Где-то вдалеке, ударяясь о стены корпусов, прозвучал сигнал отбоя — «спать-спать, по палатам…»

— Девочки, ложитесь, — скомандовала Наташа, — разбираться завтра будем.

Нехотя, вяло девицы побрели — чистить зубы, умываться. Взбивали подушки, раскрывали застеленные кровати. Все это делалось только для старшей вожатой. Она это понимала прекрасно, и знала, что ей свое свидание на сегодня придется отложить, потому, как эти тихони затеяли сегодня еще и «тёмную» устроить Моне Ли. Мона Ли стояла, опершись спиной на спинку кровати. То, что осталось от наряда, сшитого лучшими портнихами киностудии «Моравия», она свернула в комок и положила под подушку. Глаза Моны были сухи, но вся она была опять — как натянутая струна. Что я им сделала? — думала Мона, — обидела? Оскорбила? Украла? За что они меня ненавидят все, кроме Леночки Свердлик? Я ни о ком слова плохого не сказала… Окна корпуса были распахнуты в крымскую ночь, и крупные звезды лежали на тополях, а там, вверху, в горах, звезды водили хороводы и тоненько дрожали. Вдруг в окно, подтянувшись, влез мужчина. Девочки, кто в ночнушке, кто в пижамке, а кто и так — подняли визг. Бывало, что вожатые промахивались окном и попадали на девчачью половину. Но тот, который влез сейчас, сел на подоконнике спиной к теннисному корту, свесил длинные ноги в фирменных белых кроссовках в палату, жестом, от которого просто умирали все девушки и женщины Советского Союза, поправил челку, улыбнулся ярко и сказал

— Ну-и? Где тут моя невеста? Где моя Мона? — Мона обернулась на голос Сашки Архарова, расцвела, сама не ожидая этого от себя и даже едва не бросилась ему на шею.

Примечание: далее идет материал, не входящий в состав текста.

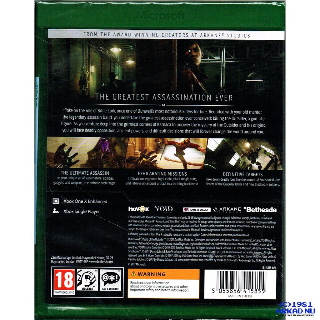 Ta dig an rollen som Billie Lurk, en gång en av Dunwalls mest anmärkningsvärda mördare-för-hyra. Återförenad med din gamla mentor, den legendariska mördaren Daud, åtar du dig att göra det största mordet som någonsin uttänkts: Att döda Outsider, en gudliknande figur som Daud ser som bidragande i några av rikets mest ohederliga ögonblick. När du riskerar dig djupt in i Karnacas smutsiga hörn för att avslöja Outsider och hans ursprungliga mysterium, möter du dödligt motstånd, mörka forntida krafter och svåra beslut som för evigt kommer att förändra världen runt dig.

— Девушки, — пропел Архаров, ну-ка, отвернулись, и — баиньки. Мона? — Архаров вынул из-за спины букет только что сорванных роз, картинно поднес их лицу, делая вид, что целует — и бросил Моне. Она поймала букет, пахнущий ночью, прохладой, и тем душным, беспокойным запахом, какой бывает у крымских роз летом, и поднесла его к лицу. Девицы, укрытые до подбородка одеялами, лежали с раскрытыми глазами. Только Лёка Голубева, успевшая переодеться из ситцевой рубашонки в нежно-розовую комбинацию с белыми кружевными лямками, сидела на кровати, вполоборота к Архарову, демонстрируя великолепный загар, длинную шею и вполне себе зрелые формы. Но Архаров сделал руками жест, говорящий — иди, иди ко мне, и Мона Ли подошла, и Архаров обнял ее, прошептав на ухо:

— Сбежим, а? Пойдем пионеров-героев посмотрим?

— А, пойдем! — согласилась Мона Ли. — Только корпус заперли?!

— А нам это помешает? — Сашка перемахнул через подоконник, — прыгай! Я тебя ловлю! Мона Ли, обернувшись, показала Лёке Голубевой кукиш — и прыгнула в окно.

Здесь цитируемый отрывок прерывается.